▶ _Records for the exercise_:
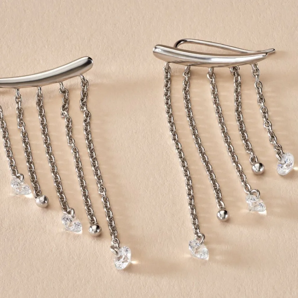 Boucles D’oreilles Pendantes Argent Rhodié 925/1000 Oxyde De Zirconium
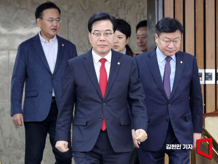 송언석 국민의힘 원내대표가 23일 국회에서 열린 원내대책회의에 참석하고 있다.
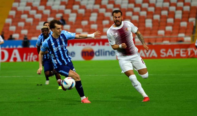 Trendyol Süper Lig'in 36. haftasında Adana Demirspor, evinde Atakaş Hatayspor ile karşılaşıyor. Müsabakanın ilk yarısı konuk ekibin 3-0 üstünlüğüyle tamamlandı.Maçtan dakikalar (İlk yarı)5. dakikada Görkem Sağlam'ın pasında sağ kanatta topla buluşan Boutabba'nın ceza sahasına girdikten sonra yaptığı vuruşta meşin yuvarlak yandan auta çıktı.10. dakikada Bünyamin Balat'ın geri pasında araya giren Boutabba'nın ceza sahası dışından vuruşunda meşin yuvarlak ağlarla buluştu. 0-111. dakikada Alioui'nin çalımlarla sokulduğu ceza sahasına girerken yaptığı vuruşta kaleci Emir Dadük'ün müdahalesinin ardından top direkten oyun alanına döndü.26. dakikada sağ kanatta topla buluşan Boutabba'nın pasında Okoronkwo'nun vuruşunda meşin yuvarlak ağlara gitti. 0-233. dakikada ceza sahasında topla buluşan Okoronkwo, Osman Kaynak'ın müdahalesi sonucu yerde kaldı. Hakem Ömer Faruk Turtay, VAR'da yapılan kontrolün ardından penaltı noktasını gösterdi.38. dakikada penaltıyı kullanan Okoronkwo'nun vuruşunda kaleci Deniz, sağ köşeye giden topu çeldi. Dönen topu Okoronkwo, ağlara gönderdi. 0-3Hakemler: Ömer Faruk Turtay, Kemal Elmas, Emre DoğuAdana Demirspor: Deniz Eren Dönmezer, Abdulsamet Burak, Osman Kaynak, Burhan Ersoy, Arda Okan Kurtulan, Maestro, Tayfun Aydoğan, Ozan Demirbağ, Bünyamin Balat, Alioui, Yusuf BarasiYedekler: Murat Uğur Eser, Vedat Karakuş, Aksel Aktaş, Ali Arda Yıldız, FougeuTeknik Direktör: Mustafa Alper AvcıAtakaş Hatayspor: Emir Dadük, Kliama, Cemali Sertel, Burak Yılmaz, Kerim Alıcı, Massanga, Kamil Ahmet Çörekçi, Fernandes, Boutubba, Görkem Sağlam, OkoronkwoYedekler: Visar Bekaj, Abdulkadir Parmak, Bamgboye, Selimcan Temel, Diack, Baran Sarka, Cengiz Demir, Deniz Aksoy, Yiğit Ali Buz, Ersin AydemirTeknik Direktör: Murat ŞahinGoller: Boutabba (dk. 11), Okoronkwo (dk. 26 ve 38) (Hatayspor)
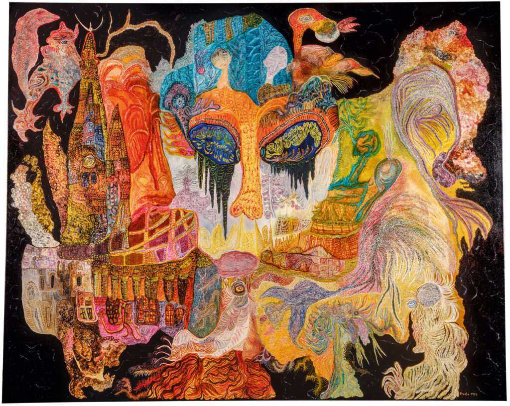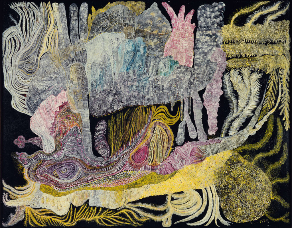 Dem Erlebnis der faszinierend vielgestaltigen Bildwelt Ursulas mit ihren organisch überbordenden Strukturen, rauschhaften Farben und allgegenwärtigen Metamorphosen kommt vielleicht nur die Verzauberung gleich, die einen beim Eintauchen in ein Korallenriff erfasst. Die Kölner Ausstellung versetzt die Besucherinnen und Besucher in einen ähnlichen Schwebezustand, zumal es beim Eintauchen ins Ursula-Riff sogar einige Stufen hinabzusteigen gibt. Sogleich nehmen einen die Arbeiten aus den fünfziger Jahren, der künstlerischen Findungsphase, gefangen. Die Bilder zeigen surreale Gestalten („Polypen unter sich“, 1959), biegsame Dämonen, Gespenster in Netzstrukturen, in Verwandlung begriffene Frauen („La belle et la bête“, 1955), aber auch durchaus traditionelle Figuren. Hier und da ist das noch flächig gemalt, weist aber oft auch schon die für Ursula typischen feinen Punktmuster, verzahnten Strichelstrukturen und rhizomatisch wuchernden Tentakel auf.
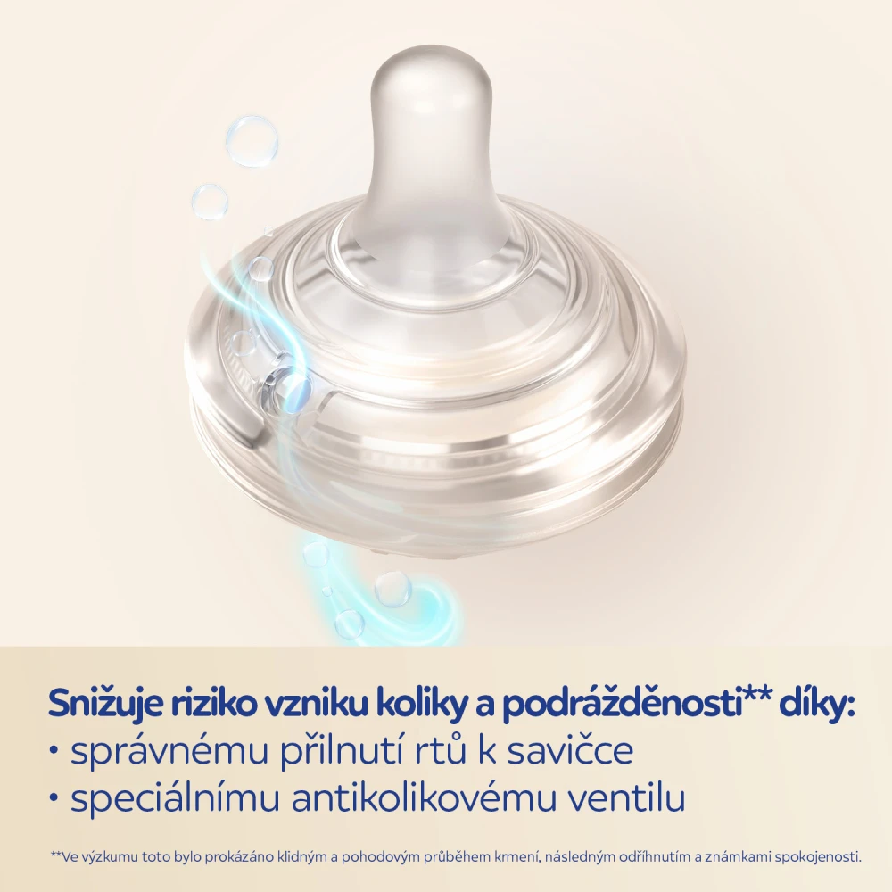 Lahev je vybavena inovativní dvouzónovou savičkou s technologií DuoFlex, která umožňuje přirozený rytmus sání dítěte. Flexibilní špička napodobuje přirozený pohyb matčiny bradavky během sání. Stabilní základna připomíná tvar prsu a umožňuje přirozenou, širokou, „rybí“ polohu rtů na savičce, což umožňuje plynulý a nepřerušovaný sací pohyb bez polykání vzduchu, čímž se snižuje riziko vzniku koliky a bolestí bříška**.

▶ _How to complete this task_:
Could you transcribe the records above exactly, leaving every picture out?

▶ _Solution_:
 Boucles D’oreilles Pendantes Argent Rhodié 925/1000 Oxyde De Zirconium
 송언석 국민의힘 원내대표가 23일 국회에서 열린 원내대책회의에 참석하고 있다.
 Trendyol Süper Lig'in 36. haftasında Adana Demirspor, evinde Atakaş Hatayspor ile karşılaşıyor. Müsabakanın ilk yarısı konuk ekibin 3-0 üstünlüğüyle tamamlandı.Maçtan dakikalar (İlk yarı)5. dakikada Görkem Sağlam'ın pasında sağ kanatta topla buluşan Boutabba'nın ceza sahasına girdikten sonra yaptığı vuruşta meşin yuvarlak yandan auta çıktı.10. dakikada Bünyamin Balat'ın geri pasında araya giren Boutabba'nın ceza sahası dışından vuruşunda meşin yuvarlak ağlarla buluştu. 0-111. dakikada Alioui'nin çalımlarla sokulduğu ceza sahasına girerken yaptığı vuruşta kaleci Emir Dadük'ün müdahalesinin ardından top direkten oyun alanına döndü.26. dakikada sağ kanatta topla buluşan Boutabba'nın pasında Okoronkwo'nun vuruşunda meşin yuvarlak ağlara gitti. 0-233. dakikada ceza sahasında topla buluşan Okoronkwo, Osman Kaynak'ın müdahalesi sonucu yerde kaldı. Hakem Ömer Faruk Turtay, VAR'da yapılan kontrolün ardından penaltı noktasını gösterdi.38. dakikada penaltıyı kullanan Okoronkwo'nun vuruşunda kaleci Deniz, sağ köşeye giden topu çeldi. Dönen topu Okoronkwo, ağlara gönderdi. 0-3Hakemler: Ömer Faruk Turtay, Kemal Elmas, Emre DoğuAdana Demirspor: Deniz Eren Dönmezer, Abdulsamet Burak, Osman Kaynak, Burhan Ersoy, Arda Okan Kurtulan, Maestro, Tayfun Aydoğan, Ozan Demirbağ, Bünyamin Balat, Alioui, Yusuf BarasiYedekler: Murat Uğur Eser, Vedat Karakuş, Aksel Aktaş, Ali Arda Yıldız, FougeuTeknik Direktör: Mustafa Alper AvcıAtakaş Hatayspor: Emir Dadük, Kliama, Cemali Sertel, Burak Yılmaz, Kerim Alıcı, Massanga, Kamil Ahmet Çörekçi, Fernandes, Boutubba, Görkem Sağlam, OkoronkwoYedekler: Visar Bekaj, Abdulkadir Parmak, Bamgboye, Selimcan Temel, Diack, Baran Sarka, Cengiz Demir, Deniz Aksoy, Yiğit Ali Buz, Ersin AydemirTeknik Direktör: Murat ŞahinGoller: Boutabba (dk. 11), Okoronkwo (dk. 26 ve 38) (Hatayspor)
 Dem Erlebnis der faszinierend vielgestaltigen Bildwelt Ursulas mit ihren organisch überbordenden Strukturen, rauschhaften Farben und allgegenwärtigen Metamorphosen kommt vielleicht nur die Verzauberung gleich, die einen beim Eintauchen in ein Korallenriff erfasst. Die Kölner Ausstellung versetzt die Besucherinnen und Besucher in einen ähnlichen Schwebezustand, zumal es beim Eintauchen ins Ursula-Riff sogar einige Stufen hinabzusteigen gibt. Sogleich nehmen einen die Arbeiten aus den fünfziger Jahren, der künstlerischen Findungsphase, gefangen. Die Bilder zeigen surreale Gestalten („Polypen unter sich“, 1959), biegsame Dämonen, Gespenster in Netzstrukturen, in Verwandlung begriffene Frauen („La belle et la bête“, 1955), aber auch durchaus traditionelle Figuren. Hier und da ist das noch flächig gemalt, weist aber oft auch schon die für Ursula typischen feinen Punktmuster, verzahnten Strichelstrukturen und rhizomatisch wuchernden Tentakel auf.
 Lahev je vybavena inovativní dvouzónovou savičkou s technologií DuoFlex, která umožňuje přirozený rytmus sání dítěte. Flexibilní špička napodobuje přirozený pohyb matčiny bradavky během sání. Stabilní základna připomíná tvar prsu a umožňuje přirozenou, širokou, „rybí“ polohu rtů na savičce, což umožňuje plynulý a nepřerušovaný sací pohyb bez polykání vzduchu, čímž se snižuje riziko vzniku koliky a bolestí bříška**.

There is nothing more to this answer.